Newton’s method is often used to solve two different, but related, problems:

Finding \(x\) such that \(f(x)=0\) (try to solve our insurance problem with this method)
Finding \(x\) that \(g'(x)=0\), or find \(x\) that minimizes/maximizes \(g(x)\).

The relation between these two problems is obvious when we define \(f(x) = g'(x)\). Hence, for the second problem, the Newton-Raphson method becomes:

\[\begin{equation} x_{n+1}=x_{n}-\frac{g^{\prime}\left(x_{n}\right)}{g^{\prime \prime}\left(x_{n}\right)} \end{equation}\]

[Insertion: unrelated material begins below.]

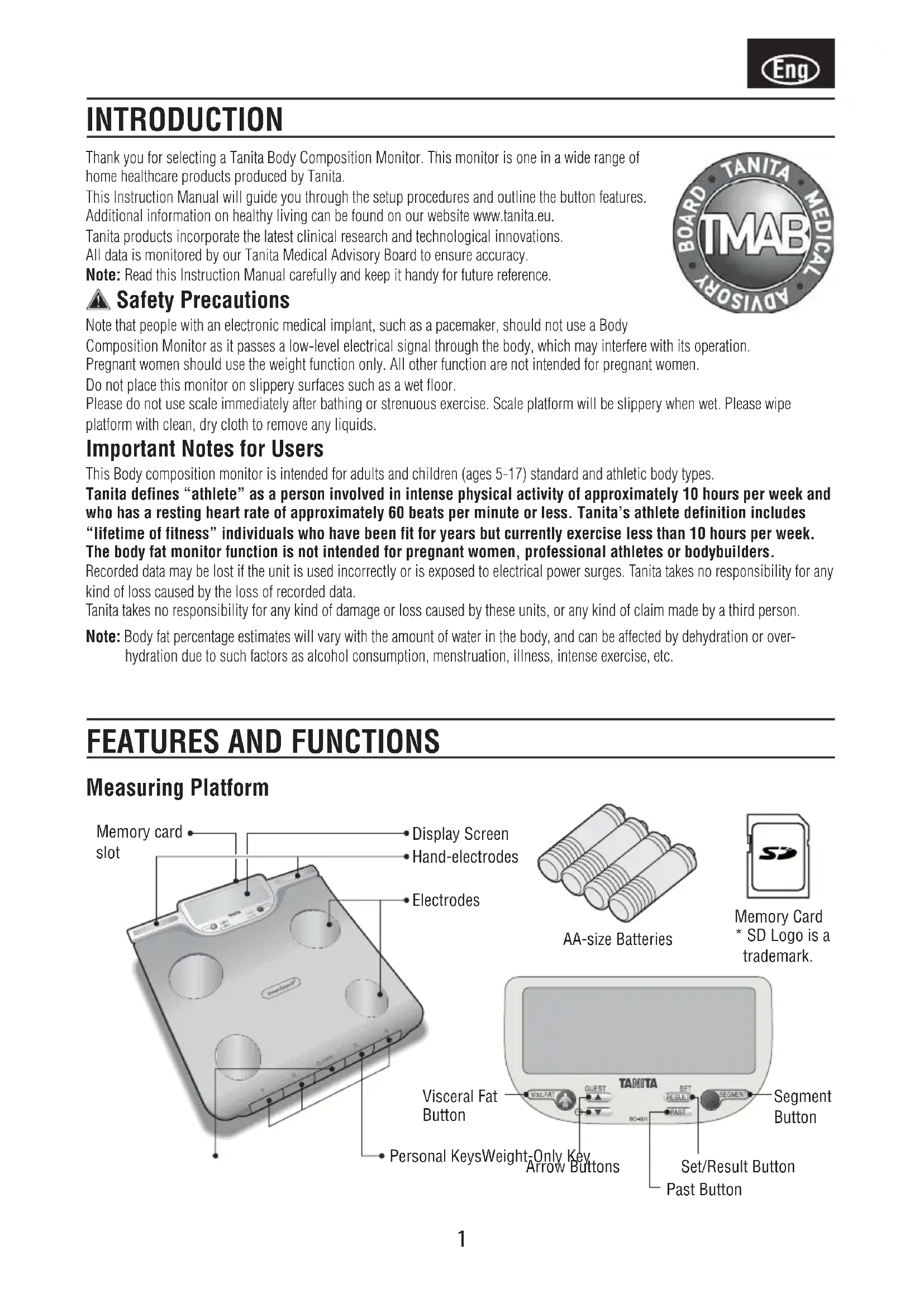 Измерение только веса тела .............................76 Переключение режима взвешивания ..............76 Поиск неисправностей .......................................771 Thank you for selecting a Tanita Body Composition Monitor. This monitor is one in a wide range of home healthcare products produced by Tanita. This Instruction Manual will guide you through the setup procedures and outline the button features. Additional information on healthy living can be found on our website www.tanita.eu. Tanita products incorporate the latest clinical research and technological innovations. All data is monitored by our Tanita Medical Advisory Board to ensure accuracy. Note: Read this Instruction Manual carefully and keep it handy for future reference. Safety Precautions Note that people with an electronic medical implant, such as a pacemaker, should not use a Body Composition Monitor as it passes a low-level electrical signal through the body, which may interfere with its operation. Pregnant women should use the weight function only. All other function are not intended for pregnant women. Do not place this monitor on slippery surfaces such as a wet floor. Please do not use scale immediately after bathing or strenuous exercise. Scale platform will be slippery when wet. Please wipe platform with clean, dry cloth to remove any liquids. Important Notes for Users This Body composition monitor is intended for adults and children (ages 5-17) standard and athletic body types. Tanita defines “athlete” as a person involved in intense physical activity of approximately 10 hours per week and who has a resting heart rate of approximately 60 beats per minute or less. Tanita’s athlete definition includes “lifetime of fitness” individuals who have been fit for years but currently exercise less than 10 hours per week. The body fat monitor function is not intended for pregnant women, professional athletes or bodybuilders. Recorded data may be lost if the unit is used incorrectly or is exposed to electrical power surges. Tanita takes no responsibility for any kind of loss caused by the loss of recorded data. Tanita takes no responsibility for any kind of damage or loss caused by these units, or any kind of claim made by a third person. Note: Body fat percentage estimates will vary with the amount of water in the body, and can be affected by dehydration or over- hydration due to such factors as alcohol consumption, menstruation, illness, intense exercise, etc. INTRODUCTION

Connection between these two problems are defined in a post¹⁰³ very nicely.

Let’s pretend that we are interested in determining the parameters of a random variable \(X \sim N(\mu, \sigma^{2})\). Here is the log-likelihood function for \(X\):

\[\begin{equation} \log (\mathcal{L}(\mu, \sigma))=-\frac{n}{2} \log \left(2 \pi \sigma^{2}\right)-\frac{1}{2 \sigma^{2}} \sum_{i=1}^{n}\left(x_{i}-\mu\right)^{2} \end{equation}\]

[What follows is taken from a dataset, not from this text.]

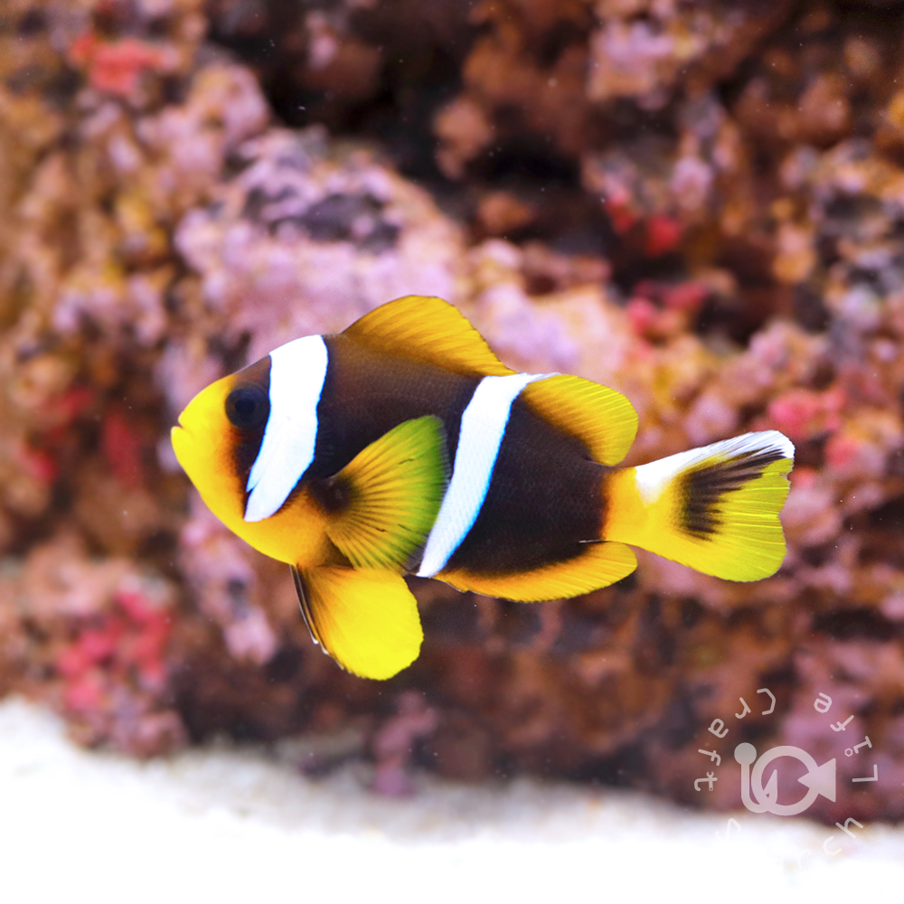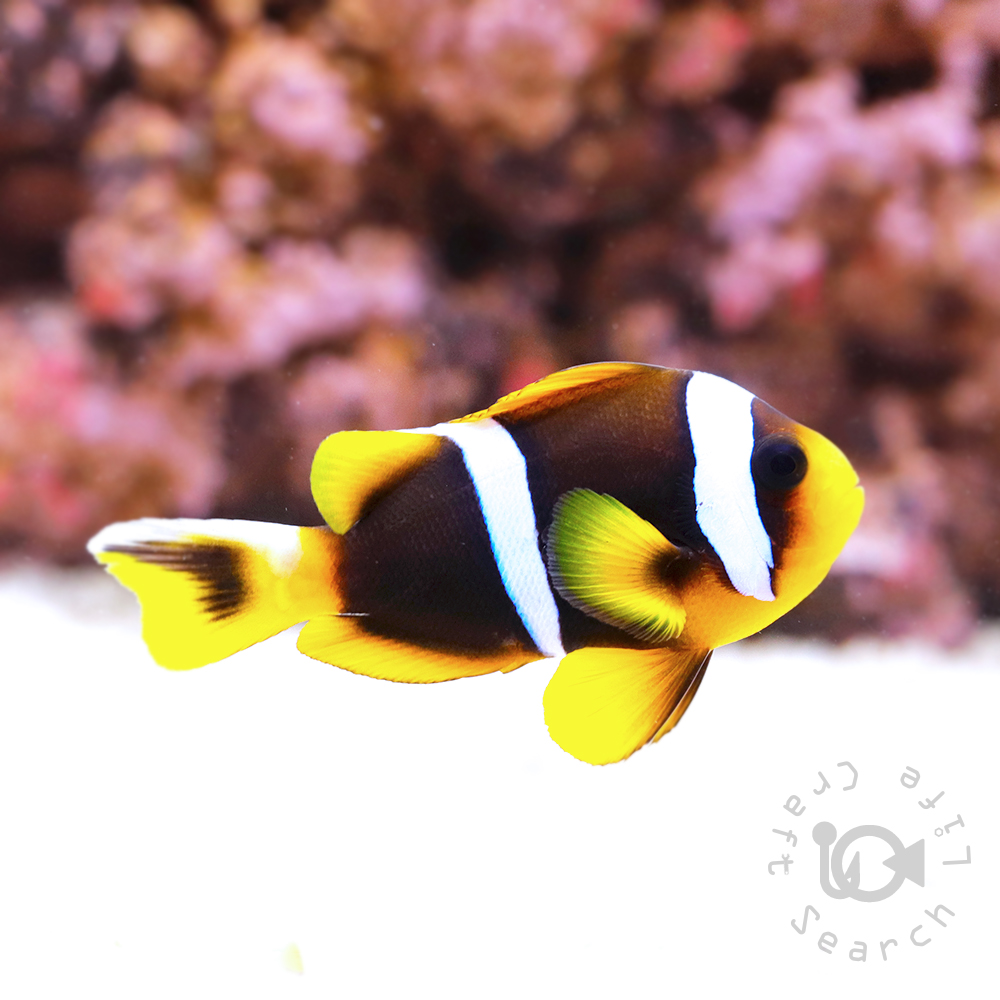 | アラルズクラウンアネモネフィッシュは東アフリカから南アフリカまで広がる西部インド洋のサンゴ礁やラグーン域に生息するクマノミの仲間です。 幼魚では黒褐色の体に2本の白いバンドがあり、尾ビレの上部に入る白いワンポイントが美しい人気種。 性格は比較的温和で、水槽内でもイソギンチャクと共生する可愛い姿を観察できます。 雑食性で野生下では小さな動物プランクトンや藻類、イソギンチャクの食べ残しなどを食べ、飼育下でも人工飼料をよく食べるため初心者にもおすすめの1匹です。 集団の中で一番大きな個体はメスになる習性があるため、ペアを作る際にはサイズ差のある個体を2匹以上で飼育することが重要。 共生するイソギンチャク△ハタゴイソギンチャク |

We use dnorm() which calculates the pdf of a normal variable. First let’s have the data and the log-likelihood:

# Let's create a sample of normal variables
set.seed(2019)
X <- rnorm(100, 0, 1)

# And the log-likelihood of this function.
# Remember likelihood function would be prod(dnorm()) with log=F
normalLL <- function(prmt){
  sum(dnorm(X, mean = prmt[1], sd = prmt[2], log = TRUE))
}

# Let's try several parameters
normalLL(prmt = c(1,1.5))

## [1] -176.078

normalLL(prmt = c(2,1))

## [1] -347.4119

normalLL(prmt = c(mean(X),sd(X)))

## [1] -131.4619

As you can see, the last one is the best. And we can verify it because we had created \(X\) with 0 mean and 1 sd, approximately. Now we will use the Newton-Raphson method to calculate those parameters that minimize the negative log-likelihood.

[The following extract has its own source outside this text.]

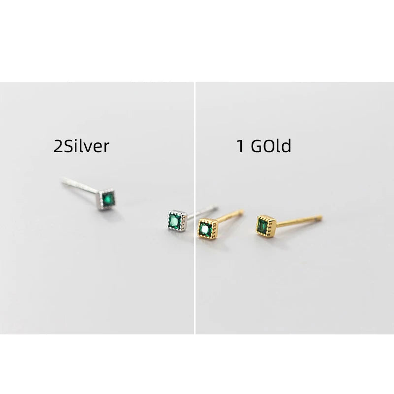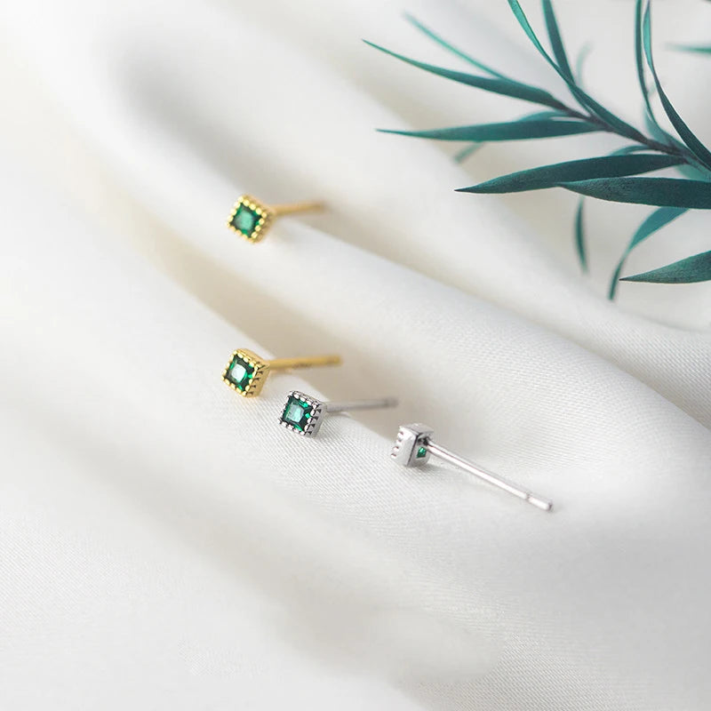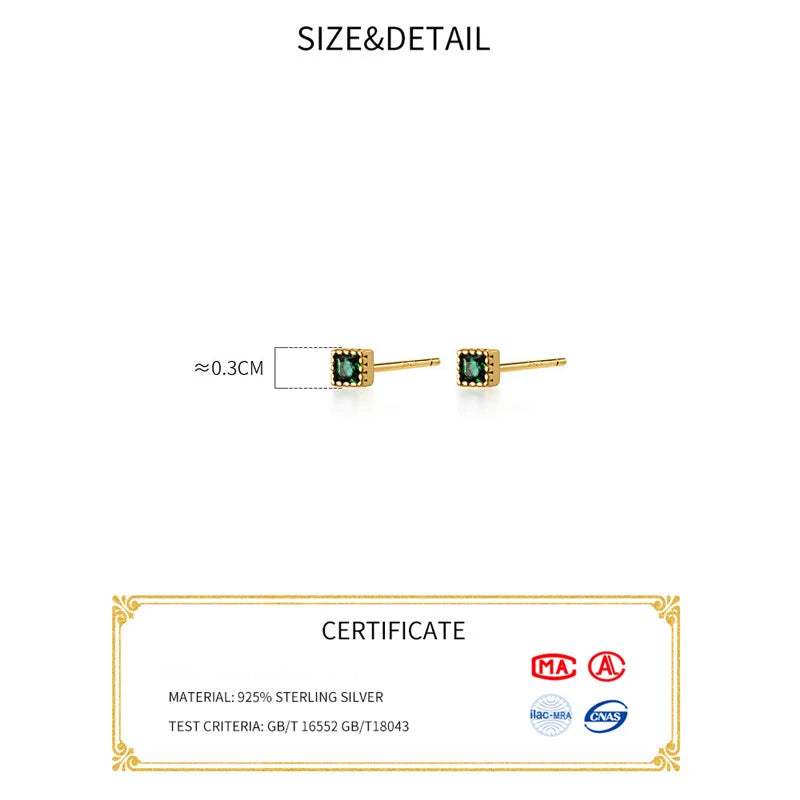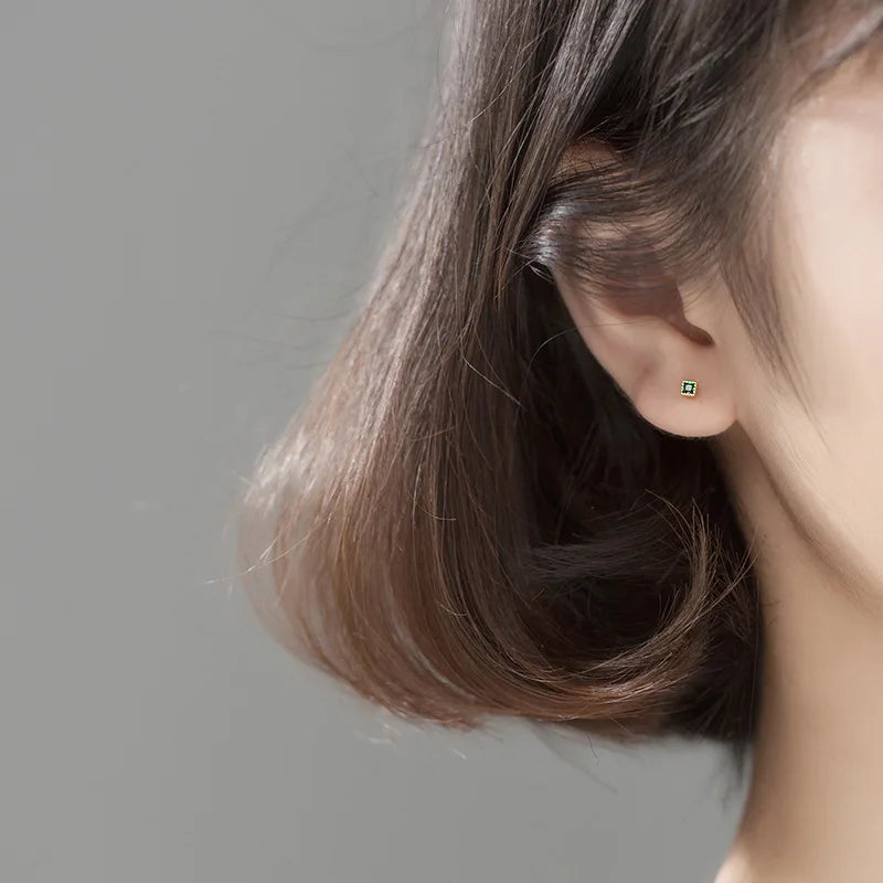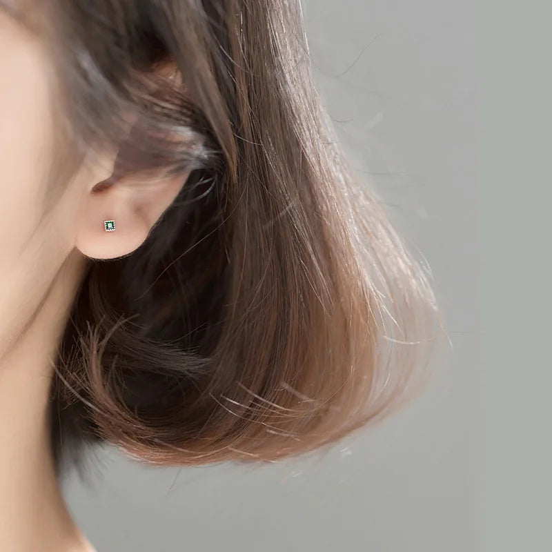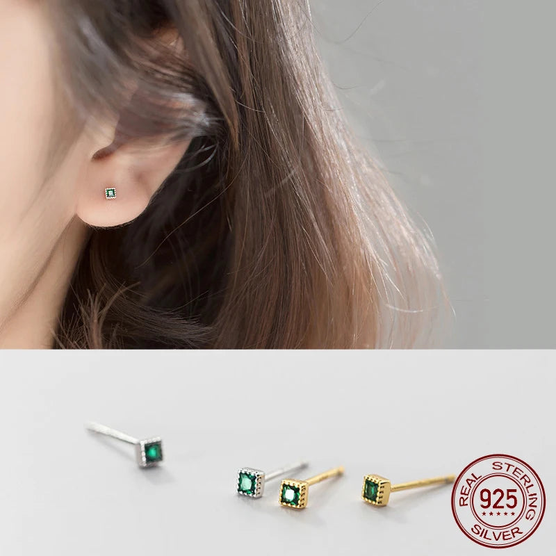 Square Stud Earrings Silver 925 Minimalist Fine Women Earrings

First, let’s build a function that estimates the slope of the function (first-derivative) numerically at any arbitrary point in parameter space for mean and sd, separately. Don’t forget, the log-likelihood is a function of parameters (mean and sd) not X.

# First partial (numerical) derivative w.r.t. mean  
firstM <- function(p1, p2, change = 0.0001){      
  prmt <- c(p1, p2)
  high <- normalLL(prmt + c(change,0))
  low <- normalLL(prmt - c(change,0))
  slope <- (high-low)/(change*2)
  return(slope)
}
firstM(mean(X), sd(X))

## [1] 1.421085e-10

# First partial (numerical) derivative w.r.t. sd  
firstSD <- function(p1, p2, change = 0.0001){      
  prmt <- c(p1, p2)
  high <- normalLL(prmt + c(0, change))
  low <- normalLL(prmt - c(0, change))
  slope <- (high-low)/(change*2)
  return(slope)
}

firstSD(mean(X), sd(X))

## [1] -1.104417

#Verify them with the grad()
library(numDeriv)
f <- function(x) {
    a <- x[1]; b <- x[2]  
    sum(dnorm(X, mean = a, sd = b, log = TRUE))
    }
grad(f,c(mean(X),sd(X)))[1]

## [1] -1.367073e-12

grad(f,c(mean(X),sd(X)))[2]

## [1] -1.104419

# Or better
round(jacobian(f,c(mean(X),sd(X))), 4) #First derivatives

##      [,1]    [,2]
## [1,]    0 -1.1044

round(hessian(f,c(mean(X),sd(X))), 4) #Second derivatives

##           [,1]     [,2]
## [1,] -121.9741    0.000
## [2,]    0.0000 -240.289

Let’s try them now in the Newton-Raphson method.

\[\begin{equation} x_{n+1}=x_{n}-\frac{g^{\prime}\left(x_{n}\right)}{g^{\prime \prime}\left(x_{n}\right)} \end{equation}\]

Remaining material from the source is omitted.